*** DATASET SECTION Section Begins ***

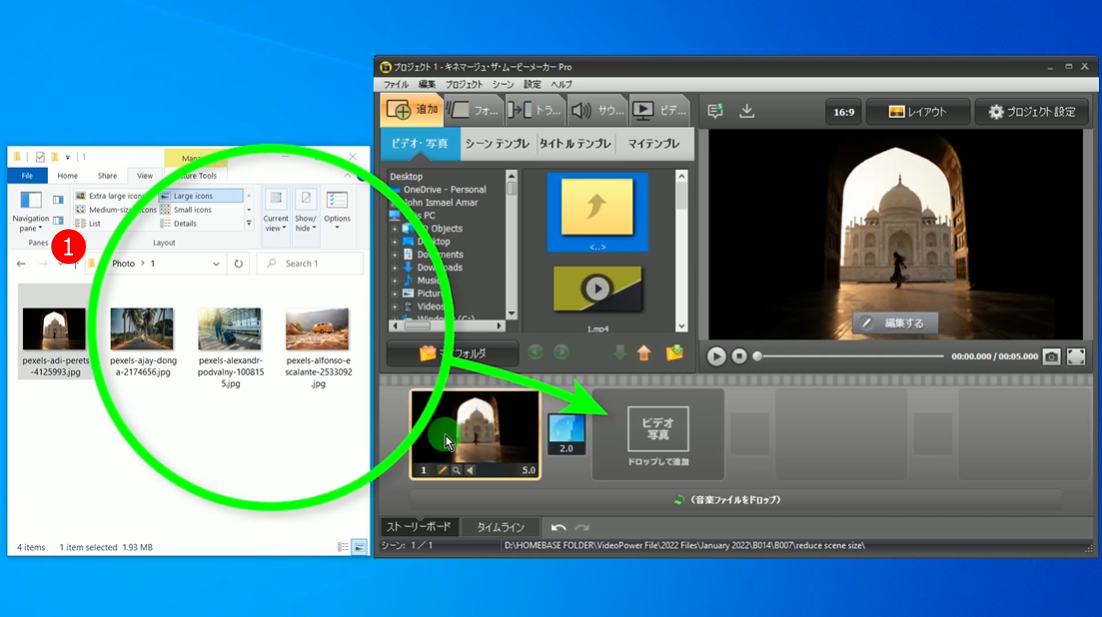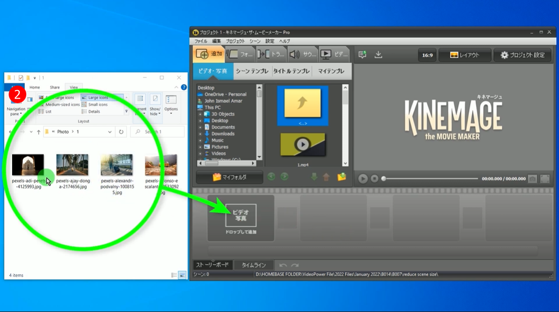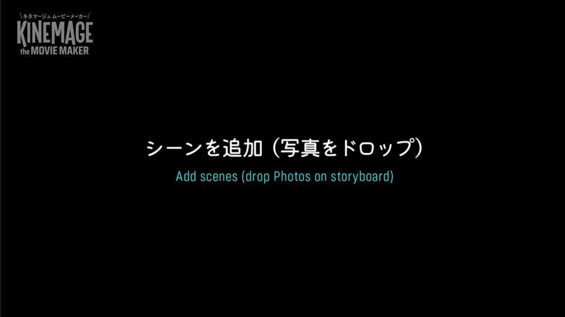 キネマージュ・ムービーメーカーは、シーンを自由に、簡単に追加することができます。 このガイドでは、ストーリーボードに写真ファイルをドロップして、シーンを追加する手順をご案内します。
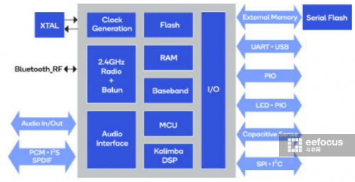 AB1526 是联发科收购的一家名叫络达科技的产品,这是一款全集成的单芯片,支持蓝牙 4.2 双模认证,支持 HFP1.6 和 AAC 解码器,并且可以支持自定义双 MiC 的宽频语音,可以获得良好的降噪和回声消除功能。通过下图的硬件系统框图可以看到,AB1526 内嵌串行闪存,更灵活地支持客户软件升级和第三方软件移植。凭借优化的 MCU 结构,接口布局和更好的 DSP 算法,AB1526 在大多数蓝牙音频应用中提供了更高的性能和语音和音乐质量。
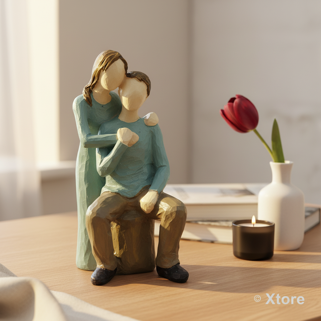 Xtore® Beautiful Hand Painted Medium Size Resin You & Me Romantic Couple Statue (Pack of 1, Multicolor)

*** DATASET SECTION Section Ends ***

**HOW TO COMPLETE THIS TASK**
The output must start at the line holding "AB1526 是联发科收购的一家名叫络达科技的产品,这是一款全集成的单芯片,支持蓝牙 4.2", end at the last line of the listing above, and show each line exactly; please omit all pictures.

**OUTPUT BELOW**
 AB1526 是联发科收购的一家名叫络达科技的产品,这是一款全集成的单芯片,支持蓝牙 4.2 双模认证,支持 HFP1.6 和 AAC 解码器,并且可以支持自定义双 MiC 的宽频语音,可以获得良好的降噪和回声消除功能。通过下图的硬件系统框图可以看到,AB1526 内嵌串行闪存,更灵活地支持客户软件升级和第三方软件移植。凭借优化的 MCU 结构,接口布局和更好的 DSP 算法,AB1526 在大多数蓝牙音频应用中提供了更高的性能和语音和音乐质量。
 Xtore® Beautiful Hand Painted Medium Size Resin You & Me Romantic Couple Statue (Pack of 1, Multicolor)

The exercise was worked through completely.